• [Required action]: Write out again, exactly as they appear, the lines from the start of the data below through the line with "With just 30"; no pictures.

• [Supplied material]:
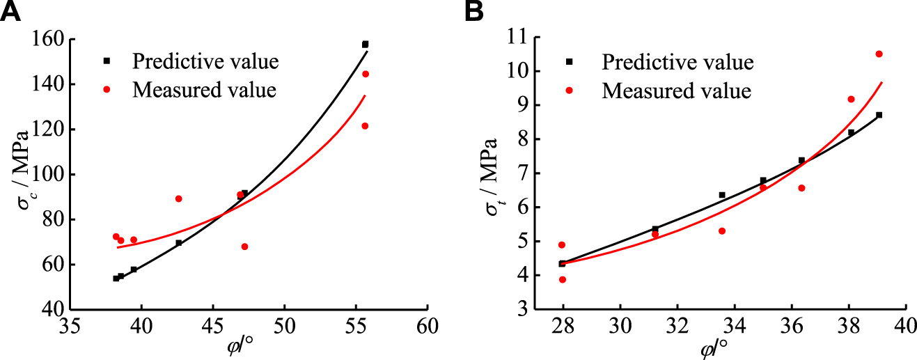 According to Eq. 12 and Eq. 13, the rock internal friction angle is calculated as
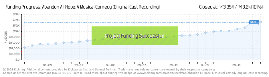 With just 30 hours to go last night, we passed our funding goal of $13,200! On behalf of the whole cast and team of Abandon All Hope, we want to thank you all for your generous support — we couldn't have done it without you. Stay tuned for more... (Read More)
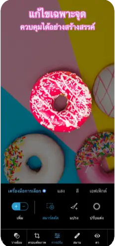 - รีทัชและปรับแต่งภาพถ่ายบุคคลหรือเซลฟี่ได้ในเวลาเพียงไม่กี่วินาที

• [Result of the exercise]:
 According to Eq. 12 and Eq. 13, the rock internal friction angle is calculated as
 With just 30 hours to go last night, we passed our funding goal of $13,200! On behalf of the whole cast and team of Abandon All Hope, we want to thank you all for your generous support — we couldn't have done it without you. Stay tuned for more... (Read More)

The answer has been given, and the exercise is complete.